* ABOUT THIS TASK
Return the lines that run from the beginning of the entries to the line holding "بقله: الفريق الركن متعب بن ويلي العزي", inclusive, and drop the pictures.

Records from a data collection:
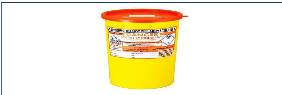
شکل ۱-۱۰: ظرف مورد استفاده برای ذخیره سازی پسماندهای نوک تیز آلوده نشده با پسماندهای دارویی
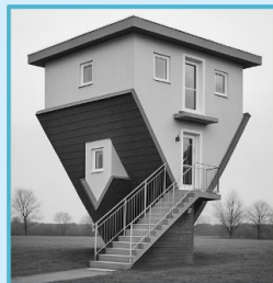
Abb. 2: Haus auf dem Kopf (ChatGPT 5.1)

Warum denken wir das eine, warum das andere? Was ist Normalität und wie wird sie hergestellt?
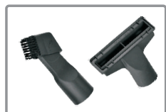
Boquilla doble (fina+cepillo) y boquilla para tapicerías
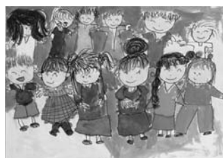
谷一小 1年 庄司愛理
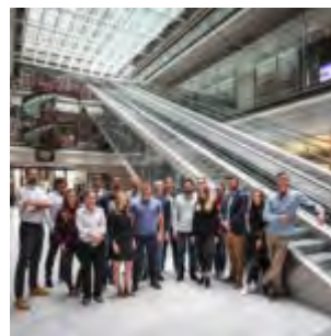
( https://builderpolska.pl/wp-content/uploads/2018/11/ZDJĘCIE-GRUPOWE-AMC.jpg )
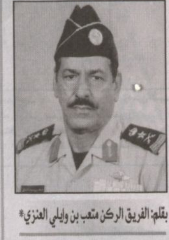
بقله: الفريق الركن متعب بن ويلي العزي

وقد شد عضده في جميع المجالات سمو الأمير بدر بن عبدالعزيز وسمو نائبه المساعد للشؤون العسكرية سمو الأمير الفريق أول الركن متعب بن عبدالله بن عبدالعزيز الذي كانت توجيهاته وإشرافه المباشر على جميع البرامج الخاصة بتطوير الحرس الوطني وتنفيذها كان لها الأثر الكبير على القادة لكي يتفانوا في أداء واجبه وهذا ليس بكتير على الجميع لأن حافزهم الرئيس خدمة ملكهم ومجتمعهم. وفق له خادم الحرمين وشده بولي عضده
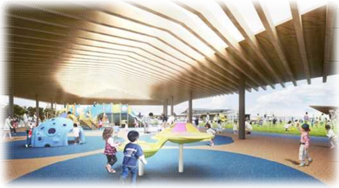
▲性別・年齢・言語や能力に関わらず遊ぶことができる インクルーシブ遊具

* TASK ANSWER
شکل ۱-۱۰: ظرف مورد استفاده برای ذخیره سازی پسماندهای نوک تیز آلوده نشده با پسماندهای دارویی
Abb. 2: Haus auf dem Kopf (ChatGPT 5.1)

Warum denken wir das eine, warum das andere? Was ist Normalität und wie wird sie hergestellt?
Boquilla doble (fina+cepillo) y boquilla para tapicerías
谷一小 1年 庄司愛理
( https://builderpolska.pl/wp-content/uploads/2018/11/ZDJĘCIE-GRUPOWE-AMC.jpg )
بقله: الفريق الركن متعب بن ويلي العزي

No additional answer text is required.